Um aspecto importante é que todas as fichas, antes de serem enviadas para a digitação em qualquer
programa de computador, devem passar por uma checagem rigorosa, para verificação de
inconsistências e erros de preenchimento. O cuidado com a construção do banco de dados deve
continuar em seguida, na fase de digitação, quando técnicas para evitar erros de entrada (digitação
dupla ou tripla, p.ex.) devem ser implementadas.

Implicações éticas
Embora a maioria dos estudos epidemiológicos seja classificada na categoria de risco mínimo,
de acordo com a portaria 196/96 do Conselho Nacional de Saúde que regulamenta a pesquisa em
seres humanos, é fundamental que sejam explicitadas as posturas éticas a serem adotadas na
pesquisa.
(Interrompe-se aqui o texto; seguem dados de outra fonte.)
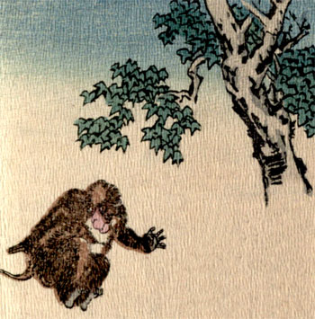 When they reached the shore of Monkey-Land again,[17] the monkey bounded off the Jelly-Fish’s back, and up to the topmost branch of the chestnut-tree in less than no time. Then he said: “I do not see my liver here. Perhaps somebody has taken it away. But[18] I will look for it. You, meantime, had better go back and tell your Master what has happened. He might be anxious about you, if you did not get home before dark.”
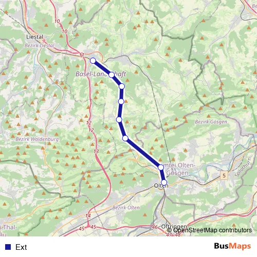 The first stop of the Ext rail route is Olten and the last stop is Sissach. Ext is operational during tous les jours.

Deve ser ressaltado, principalmente: (a) a preservação do direito individual de querer ou
não colaborar com a pesquisa sem sofrer nenhum tipo de coerção ou constrangimento; (b) a
autorização por escrito da participação do indivíduo através do consentimento livre e esclarecido;
(c) a garantia de pronto-atendimento para os casos de urgência encontrados; (d) a garantia de que
serão preservados os direitos dos indivíduos submetidos a situações de vulnerabilidade (quartéis,
por exemplo)15.
Toda pesquisa que envolva seres humanos deve passar pelo crivo de uma Comissão de Ética
em Pesquisa (CEP). Somente após a aprovação da CEP o estudo poderá ser conduzido, incluindo o
estudo piloto.

Referências

1. Cleaton-Jones P, Hargreaves JA, Fatti LP, Chandler HD, Grossman ES Dental caries diagnosis calibration for clinical
field surveys. Caries Res 1989; 23: 195-9.
2. Lwanga SK, Lemeshow S. Sample size determination in health studies: a practical manual. Geneva: World Health
Organization. 1991. 80p.
3. World Health Organization Calibration of examiners for oral health epidemiological surveys. Geneva: ORH/EPID;
1993.
4. World Health Organization, Oral health surveys: basic methods. 4 ed. Geneva: ORH/EPID; 1997.